Unterschiedliche Zielmärkte nicht vermischen
Ein häufiger Fehler ist der Versuch, eine chinesische Version für alle Märkte zu verwenden. Das spart im ersten Moment Zeit – wirkt aber schnell unprofessionell oder gar politisch heikel. Unternehmen sollten deshalb:
- getrennte Sprachversionen erstellen lassen (z. B. eine für Festlandchina, eine für Taiwan),
- Inhalte gezielt anpassen (z. B. bei Datumsformaten, Maßeinheiten, Redewendungen),
- kulturelle Unterschiede respektieren und sichtbar machen.
Klare Trennung bei mehrsprachigen Dokumenten
Bei Broschüren, Websites oder Vertragswerken, die mehrere Sprachversionen enthalten, sollte jede chinesische Variante eindeutig gekennzeichnet werden:
- Zum Beispiel: „Chinesisch (vereinfacht) – Festlandchina“ / „Chinesisch (traditionell) – Taiwan“
- Vermeiden Sie Mehrdeutigkeiten wie „Chinesisch Version“ – das wirkt unklar und unprofessionell.
Der Schlüssel zu erfolgreicher Kommunikation mit chinesischsprachigen Märkten liegt in der klaren Differenzierung, sorgfältigen Planung und professionellen Umsetzung. Wer sich frühzeitig mit den sprachlichen, kulturellen und technischen Unterschieden zwischen Langzeichen und Kurzzeichen auseinandersetzt, schafft Vertrauen, vermeidet Missverständnisse – und erhöht die Erfolgschancen auf dem internationalen Parkett.
Die richtige Schriftform als Türöffner zum Erfolg
Die Unterscheidung zwischen Langzeichen und Kurzzeichen im Chinesischen ist weit mehr als ein typografisches Detail – sie ist Ausdruck kultureller Identität, historischer Entwicklungen und geopolitischer Realitäten. Wer sich im internationalen Geschäftsverkehr professionell aufstellt, sollte diese Unterschiede nicht nur kennen, sondern auch aktiv in seine Kommunikationsstrategie einbeziehen.

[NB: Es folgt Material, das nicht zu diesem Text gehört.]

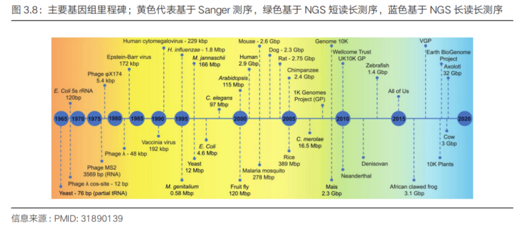 NGS 在纳米级空间内进行 PCR 反应来扩增 DNA(ONT 等不需用到 PCR),基于大规模平行的反应产生巨大数据量。单位反应产生的数据量逐年提高,成本超摩尔定律下降,目前全基因组测序(30x)成本低于 500 美元。极大推动了人口级大规模基因测序基础研究,对于将基因技术应用到临床辅助诊断及伴随诊断、新药研发、病原溯源等作出了重要贡献。此外,随着 PacBio 的 SMRT 技术优化,复杂物种以及微生物的 de novo 组装得以突破,推动生物多样性研究;ONT 的 Nanopore 测序技术不依赖 PCR,最长读长超过 4 Mb,结构变异检测日趋成熟;其便携式设备也让测序从实验室到野外,从地球到太空展开更广阔的应用场景。■ 局限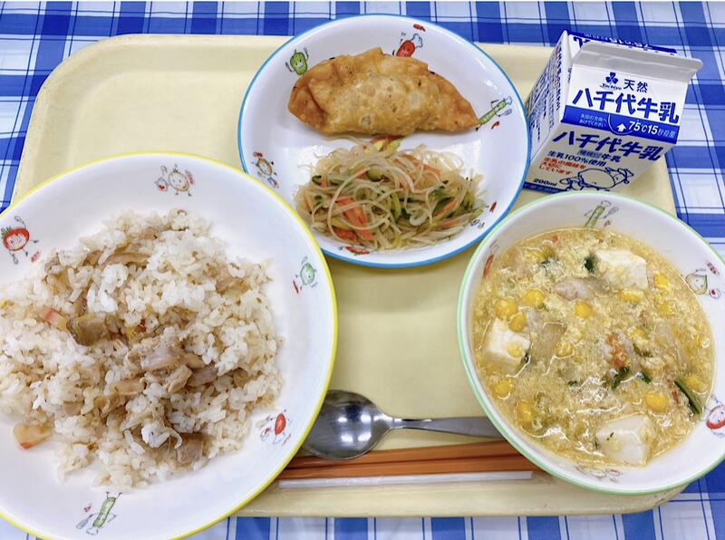 五目チャーハン、ツナぎょうざ、春雨サラダ、コーン卵スープ、牛乳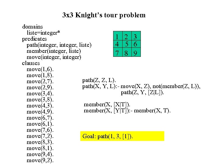 3 x 3 Knight’s tour problem domains liste=integer* 1 2 3 predicates 4 5 6 path(integer, liste) member(integer, liste) 7 8 9 move(integer, integer) clauses move(1, 6). move(1, 8). path(Z, Z, L). move(2, 7). path(X, Y, L): - move(X, Z), not(member(Z, L)), move(2, 9). path(Z, Y, [Z|L]). move(3, 4). move(3, 8). member(X, [X|T]). move(4, 3). member(X, [Y|T]): - member(X, T). move(4, 9). move(6, 7). move(6, 1). move(7, 6). move(7, 2). Goal: path(1, 3, [1]). move(8, 3). move(8, 1). move(9, 4). move(9, 2).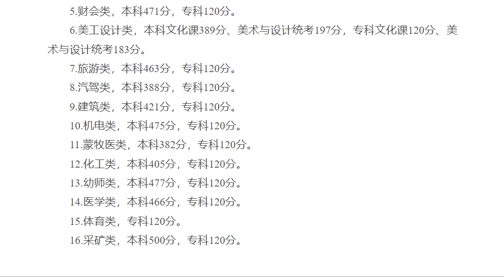 专科:物理类160分、历史类160分。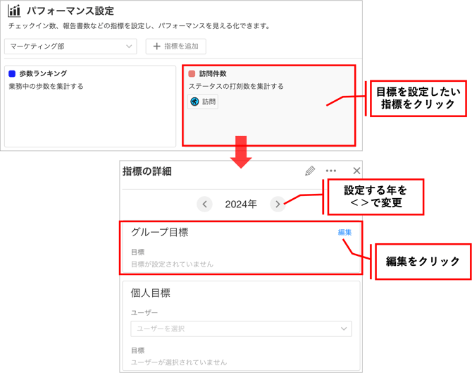 - 指標詳細のグループ目標の「編集」をクリックします。設定する年を<>で切り替えると、

Für die Übersetzungsbranche bedeutet das: Eine hochwertige chinesische Übersetzung beginnt nicht mit dem ersten Satz, sondern mit der richtigen Zieldefinition. Kurzzeichen oder Langzeichen? Festlandchina oder Taiwan? Standardterminologie oder regionale Ausdrucksweise? Jede Entscheidung hat Auswirkungen auf Text, Layout und Wirkung.
Auch für Unternehmen, Agenturen und Designer ist es entscheidend, die technischen und gestalterischen Implikationen zu verstehen. Schriftarten, Layoutvorgaben und Zeichencodierung sind eng mit der Schriftvariante verknüpft – und beeinflussen, wie Ihre Botschaft am Ende beim Zielpublikum ankommt.
Wer chinesischsprachige Inhalte ernst nimmt, zeigt nicht nur Professionalität, sondern auch Respekt gegenüber der Zielkultur – und genau das ist in internationalen Beziehungen oft der entscheidende Unterschied.
Arbeiten Sie mit erfahrenen Sprachdienstleistern zusammen, die sich in beiden Schriftsystemen auskennen und die kulturellen Feinheiten der jeweiligen Zielregion mitdenken. So wird aus einer bloßen Übersetzung eine gelungene Lokalisierung – und damit ein echter Wettbewerbsvorteil.